Of course, the respective contractors don’t entirely agree with this division of labor. Lockheed Martin says the F-35 can carry just as many munitions as the Super Hornet can — about 18,000 pounds — if it carries some under the wings, just as the F-18 does. Of course, then the F-35 loses the smooth lines that make it stealthy. (Lockheed calls this “beast mode”).
For their part, Boeing says their Block III upgrade to the Super Hornet will give it the latest datalinks and cockpit displays, as well as at least one unique sensor the F-35 lacks, a so-called InfraRed Search & Track (IRST) system they say can detect stealth aircraft by the heat of their engines, without relying on radar. (Lockheed says the F-35’s Distributed Aperture System includes excellent infrared sensors, good enough to track the Falcon 9 rocket from hundreds of miles away even after it turned its engine off).

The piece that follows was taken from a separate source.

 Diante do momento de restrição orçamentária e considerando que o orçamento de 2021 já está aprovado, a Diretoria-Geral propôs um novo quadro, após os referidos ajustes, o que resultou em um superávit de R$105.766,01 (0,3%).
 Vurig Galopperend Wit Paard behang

The Block III will also have built-in fuel tanks, said Boeing VP Dan Gillian, so the upgraded Super Hornet and the F-35 will have “comparable” range. (Exact ranges depend on weapons carried and are kept secret). These “conformal fuel tanks” are more aerodynamic than traditional drop tanks, making them not only more fuel-efficient but also more stealthy. However, Gillian told reporters at Sea-Air-Space, the current Block III package doesn’t include the stealth enhancements of Boeing’s earlier Advanced Super Hornet proposal, nor does it include an expensive new engine being worked on by GE.

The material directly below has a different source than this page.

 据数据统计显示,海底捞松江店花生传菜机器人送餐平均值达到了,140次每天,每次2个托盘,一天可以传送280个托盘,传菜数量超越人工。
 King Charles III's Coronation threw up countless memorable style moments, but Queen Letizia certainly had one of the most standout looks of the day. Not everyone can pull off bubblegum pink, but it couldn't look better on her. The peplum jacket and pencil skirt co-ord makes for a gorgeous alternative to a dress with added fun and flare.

It looks like Boeing deliberately trimmed Block III down to the must-have enhancements that can easily be inserted into the Navy’s existing F-18s when they next go in for overhaul. The Navy already plans to rebuild hundreds of its Super Hornets to extend their service life by a third, from 6,000 to 9,000 flight hours. “The first airplanes will hit six thousand hours early this year,” Gillian said. “It’ll start slow, (but) you get into the 20s, and we’ll see 60, 70 airplanes a year.” As long as the planes are in the shop, why not upgrade them to Block III standard for what he estimates as “a few million dollars”?
That rough estimate brings us to the bottom-line reason why the F-35 and F-18 are complementary: money. The carrier-capable F-35C variant currently costs $121.8 million, but Lockheed promises to get it down to $100 million. That’s compared to $70-odd million for a new Block III Super Hornet — which the Navy is still buying — or maybe $5 million to upgrade an old one.
The Navy doesn’t have enough fighters to equip its squadrons now, and it can’t afford to buy F-35Cs fast enough to fill the “fighter gap,” let alone to replace all its Super Hornets overnight. So, for decades to come, carrier air wings will be a mix of F-35s and F-18s: initially a 1:3 ratio of squadrons, later 2:2. The Marine Corps, by contrast, will go to an all-F-35B force on its amphibious ships, so the overall mix at sea will be more tilted towards the F-35 than the carrier group ratios suggest. That’s especially true in the Pacific, where Marine F-35Bs also operate from Japan and can rapidly deploy throughout the region.
“We have long planned on a mix of fourth and fifth generation squadrons comprising our air wings,” Stackley said. “They’ve always been complementary. They always have.”